27.  Allow companies to provide for dividends out of current profits. The fact that the declaration was after the year is irrelevant. The matching concept should apply.

The ED, quite rightly, did not accept this principle. If the dividend is declared after the balance sheet date it is not a liability at the balance sheet date.

28.  Allow companies to present a normal profit line and “extraordinary items” below the line (with explanations) so that users can understand the long term annuity profits and the once off item.

The ED did not accept this principle. I did not push it.

29.  Scrap having to break assets into current and non-current.
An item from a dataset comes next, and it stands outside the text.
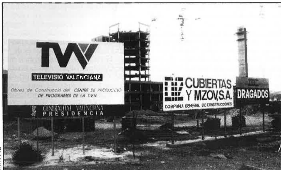
Encara faltava l'arc que tant ha retardat les obres.

Pel gener de 1987 s'adjudicà l'obra civil, la construcció de l'edifici, a la unió temporal d'empreses DYCTEVA, Dragados y Cubiertas-Televisión Valenciana, per un pressupost de 1.389,6 milions i un termini de construcció de 15 mesos. L'oferta era, sens dubte, la millor, perquè representava la unió de dues de les empreses més fortes del sector i una baixa de tres mesos en el temps demanat per la presidència de la Generalitat i de 226 milions respecte al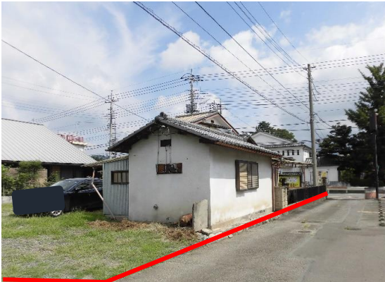
敷地と作業場 南側は2項道路に接する(狭あい協議要)

Big GAAP does allow this but only if it would be a better way to present the balance sheet.

The ED did not accept this principle.

30.  Scrap having to prove hedge effectiveness. If the company’s intention is to hedge, let it use hedge accounting.

The ED accepted this principle. It does not mention hedge accounting.

Other Comments

1.  The name of the proposed standard leaves much to be desired!
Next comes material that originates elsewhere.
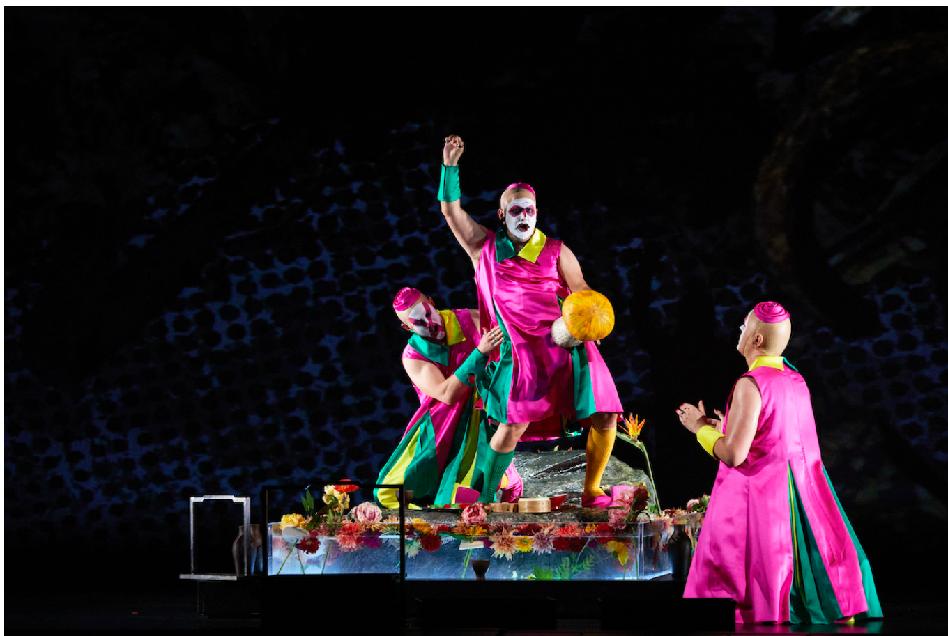
Три министра с наглядными пособиями

2.  I have recommended that we change the name balance sheet to statement of assets and liabilities and the income statement to statement of income and expenses. The name balance sheet will fall away in the foreseeable future and it would be nice if we, in SA, were proactive and logical.

3.  I recommended that the statement of income and expenses ends with profit for the year and a note be given reconciling opening and closing equity.

4.  We need to be able to reference back to IFRS if a transaction or an event is not covered by this framework as this framework purports not to cover all situations.

5.  I suggested that the framework deal with impairment under the section dealing with that asset: having one section dealing with receivables, inventory, intangibles, PPE, goodwill, financial instruments, etc. is confusing.

6.  I recommended that changes in accounting policies and prior period errors be accounted for in the current statement of income and expenses. The ED suggests that they be adjusted to opening retained income. If this happens, they never get to hit the statement of income and expenses.

7.  I suggested that the ED reverts to the term “Land and buildings”. They are using “Real estate” in the ED.

8.  The standard on when an asset is recognised should be improved – it is too vague.

9.  The statement states that one may only capitalised improvements if allowed for tax purposes. I feel that we should not allow tax rules to affect accounting rules.

10.  I recommended that the ED should deal specifically with settlement discounts.

11.  I suggested that goodwill be separated from intangible assets.

12.  The ED does not permit financial instruments to be fairly valued. I suggested that if there is an active market for them, they should be fairly valued through profit and loss.

13.  I suggested that we get rid of contingent assets.

14.  I suggested that if a company does not consolidate, the subsidiary’s financial statements it should make the subsidiary’s financials available to the users of the financial statements.

15.  The ED does not address preference shares. These are common in SMEs.

16.  I suggested that discounts given (other than settlement discounts) should go to reduce revenue and discounts received (other than settlement discounts) should go to reduce purchases.

17.  I was not happy with recognising revenue when the entity invoices the client and have suggested that they have a proper revenue recognition standard in place.

18.  I suggested that we delete references to STC as STC is on the way to oblivion.

19.  I feel that there should be some guidance for accounting for foreign branches.

20.  The ED does not permit debit deferred tax to be raised for tax losses and tax credits. I would prefer it if this were allowed as it would result in a better measure of profitability. If the user does not like the asset on the statement of assets and liabilities, he or she can reverse it.

I also made some editorial suggestions.


I withdraw my reservations about this idea. I think that SAICA is on the right track here. Practitioners cannot wait for the demise of all the stupidities they have to put up with for little entities where no value is added.

Please give this initiative your full support and help the authors to push for completion in time for preparation of the 28 February 2010 financials.

Congratulations to all those involved in this initiative. I really did not think that SA would win on this issue but it looks like I was wrong.